This is not a stalemate; rather, the hourglass is emptying out as the state pension system continues to experience negative cash flow. Unions need to be wary of promises for 2017 and beyond; after all, former Gov. McGreevey promised to be the best friend that public employees ever had in the Statehouse, and then barely contributed to the pensions. The rank and file should remember that Gov. Whitman’s pension bond, which helped to legitimize the drastic slowing of pension contributions from the State operating budget, passed with union support. State workers, who rely upon and deserve the benefits they have accrued to date, cannot afford another major miscalculation.
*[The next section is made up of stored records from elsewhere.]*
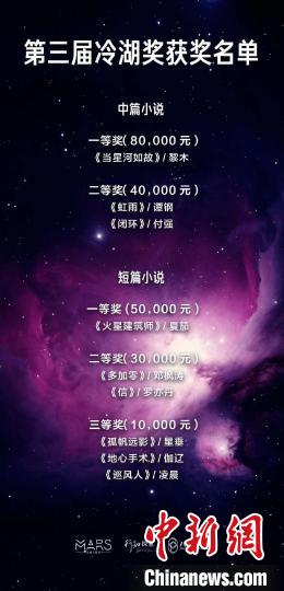 图为第三届冷湖奖获奖名单。 孙睿 摄
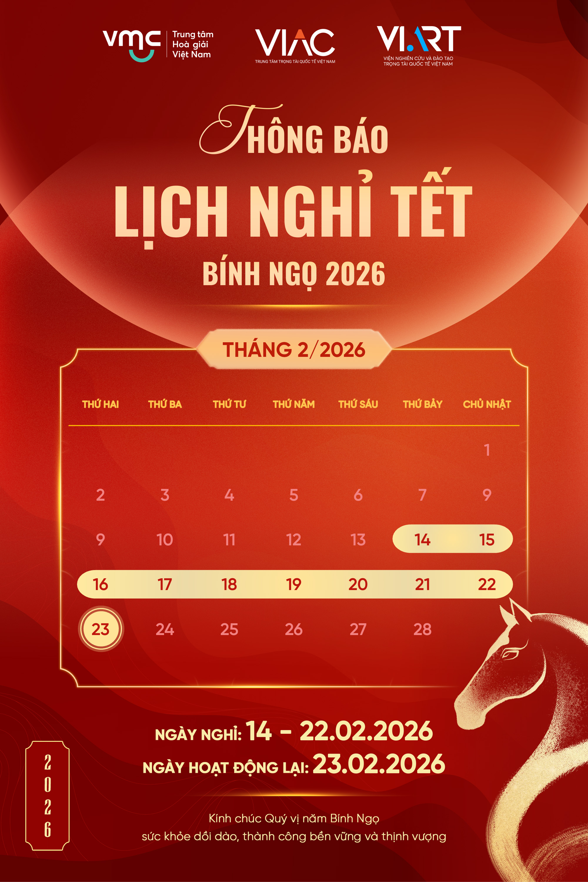 Trung tâm Trọng tài Quốc tế Việt Nam (VIAC) xin trân trọng thông báo lịch nghỉ lễ Tết Nguyên Đán Bính Ngọ 2026 như sau:
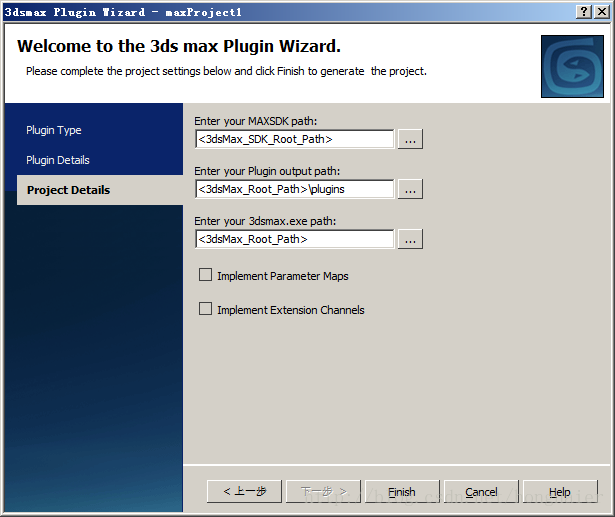 选择三个输入框要求的路径后点击“Finish”,就可以生成一个新的导出插件project。
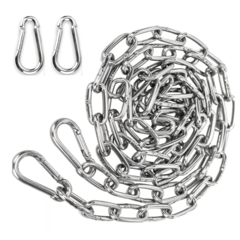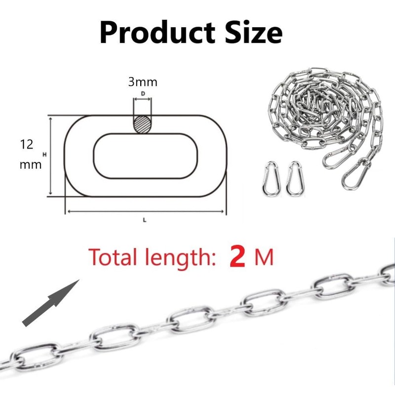 - PACKAGE INCLUDES: Includes a 2m 3mm thick steel chain with 2 x 4x40mm carabiners. Stainless steel chain with high-quality welding technology to prevent breakage, good workmanship, safe and solid.
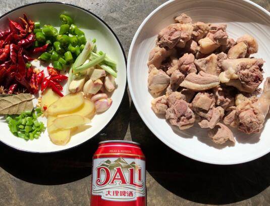 鸭腿肉700克、姜8片、蒜8颗、小米辣2颗、葱2根、八角3颗、桂皮3克、香叶4片、啤酒1瓶、干辣椒15克、尖椒2根。

That is why the pension commission proposed a constitutional guarantee of funding, which would supersede the recent court ruling. However, the funding would come from changes going forward to both the state pension plan and to public employee health benefits. The plan would fully fund the $40 billion hole in the pension funds. Benefits going forward would be lower, but still as good or better than private sector levels. The Commission can’t reverse 20 years of malfeasance, but we were able to identify savings to be recycled solely for the benefit of public workers. We dealt with reality.
If politicians don’t do the same, accrued pension benefits will not be secure. Soon the funding gap will be too wide for any solution that preserves meaningful benefits for public employees. Younger state workers might start to worry about a state-sponsored Ponzi scheme in which they might not even get their own contributions back when the pension funds run dry.
This is all avoidable, but not without leadership and political courage. Over-simplification of this problem will do no favors for public servants who have done nothing wrong and who deserve the pensions they have earned. Let’s not dither and let the hourglass run out.